O gladíolo, originário da África do Sul, tem uma grande variedade de cores, incluindo o amarelo, o vermelho, o roxo e o azul. É uma planta herbácea perene com uma altura de 60 a 150 cm. O seu caule é robusto e ereto e as suas folhas são duras e em forma de espada.
O período de floração do gladíolo é o verão e o outono. É uma das "Quatro Grandes Flores de Corte", juntamente com a rosa, o Nerium oleander e o cravo. O Gladíolo é muito sensível ao fluoreto de hidrogénio e pode ser utilizado para detetar a poluição. É também utilizado como flor de corte e como planta em vaso para visionamento.

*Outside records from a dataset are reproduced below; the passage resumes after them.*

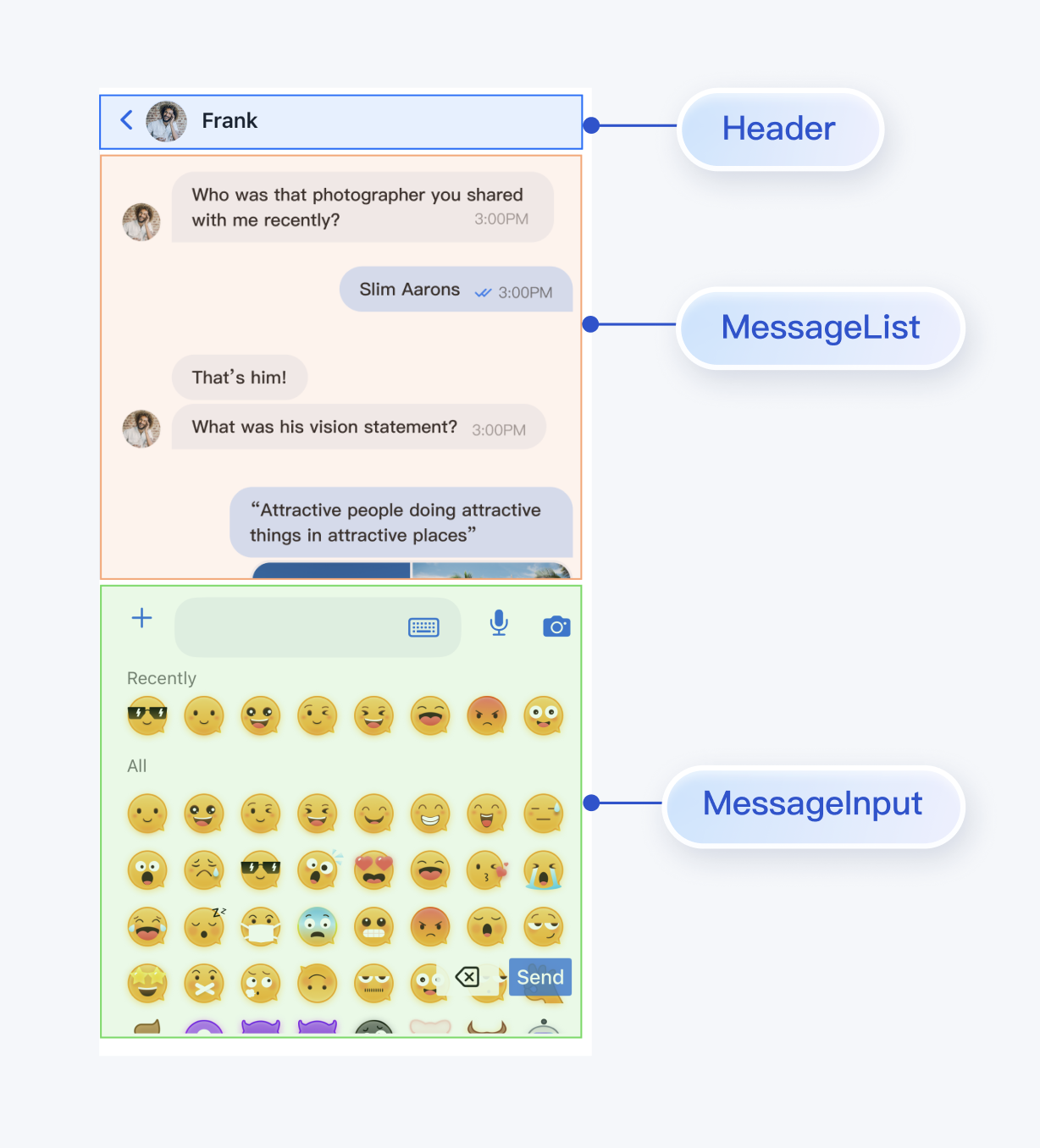 You can integrate MessageList and MessageInput directly into an existing app page or create a new chat page. Example UI effect:
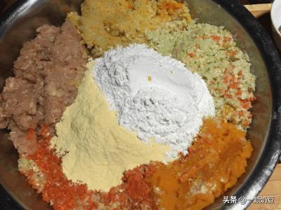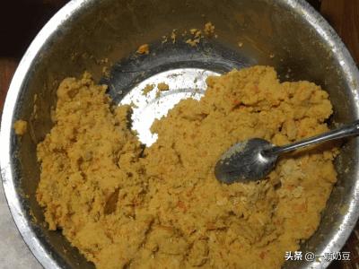 6、加入小麦面粉和玉米粉和鸡蛋黄,这里要说不需要水,菜里面的水就足够,如果稀的话就加玉米粉和小麦粉,倒入3勺橄榄油,搅拌均匀,我直接下手抓的 。
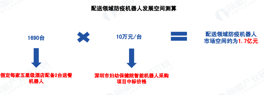 酒店場景下的初始客戶主要為G檔酒店,假設(shè)全國每一家五星級酒店均配備2臺送餐機器人,按照平均每臺10萬元的價格計算,酒店服務(wù)場景下,防疫機器人的市場空間約為1.7億元。
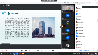 党委副书记杨智慧,学工办主任刘静,宏正工程设计集团股份有限公司、浙江耀厦控股集团有限公司、中煤浙江基础建设有限公司、浙江鸿翔建设集团股份有限公司、浙江省浙中地质工程勘察院有限公司、浙江省建工集团有限责任公司、中元建设集团股份有限公司、中交路桥华东工程有限公司8家用人单位,2022届部分毕业生。会议由刘静主持。
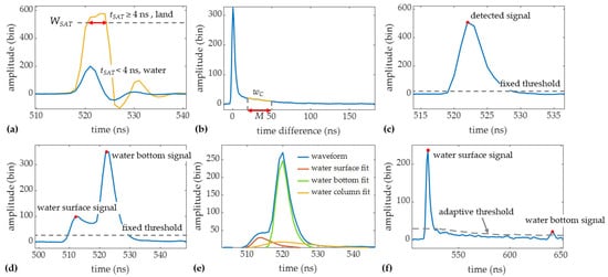 - Deep-water waveforms processing. Denoising is the key to deep water waveforms processing, while the existing waveform filtering methods cannot appropriately deal with the high-intensity noise in the water column scattering. Thus, the fixed threshold in the signal detection method is replaced by a depth-adaptive threshold derived from the truncated water column scattering waveform [27], which greatly reduces the effect of noise in the water column scattering. The intensities of the detected signal are subtracted from the depth-adaptive threshold, and the two signals with the highest strength are selected as the water surface and bottom signal, as shown in Figure 5f.

O Cymbidium é uma variedade bem conhecida entre as orquídeas. É uma planta herbácea terrestre da família das orquídeas e é uma das orquídeas cultivadas há mais tempo e mais populares no nosso país. A Cymbidium é geralmente verde-amarelada com ligeiras manchas e veias vermelho-púrpura profundas. Tem uma fragrância forte, com várias flores numa haste, geralmente 6 a 15.
A Cymbidium goeringii, também conhecida como a "Orquídea de Boas Festas de Ano Novo", é originária da China, Myanmar e Vietname. As suas folhas são em forma de espada, verde-escuras e brilhantes. O caule da flor ergue-se frequentemente acima das folhas, atingindo até 100 cm, com um máximo de 17 flores. As brácteas da flor são pequenas, com um nectário na base, e as sépalas são lanceoladas, castanhas claras.
O período de floração de Cymbidium goeringii é de janeiro a março de cada ano. Encontra-se frequentemente nas margens das florestas de montanha e é também comum em florestas de folhas largas de folha perene ou em vegetação rasteira de florestas mistas.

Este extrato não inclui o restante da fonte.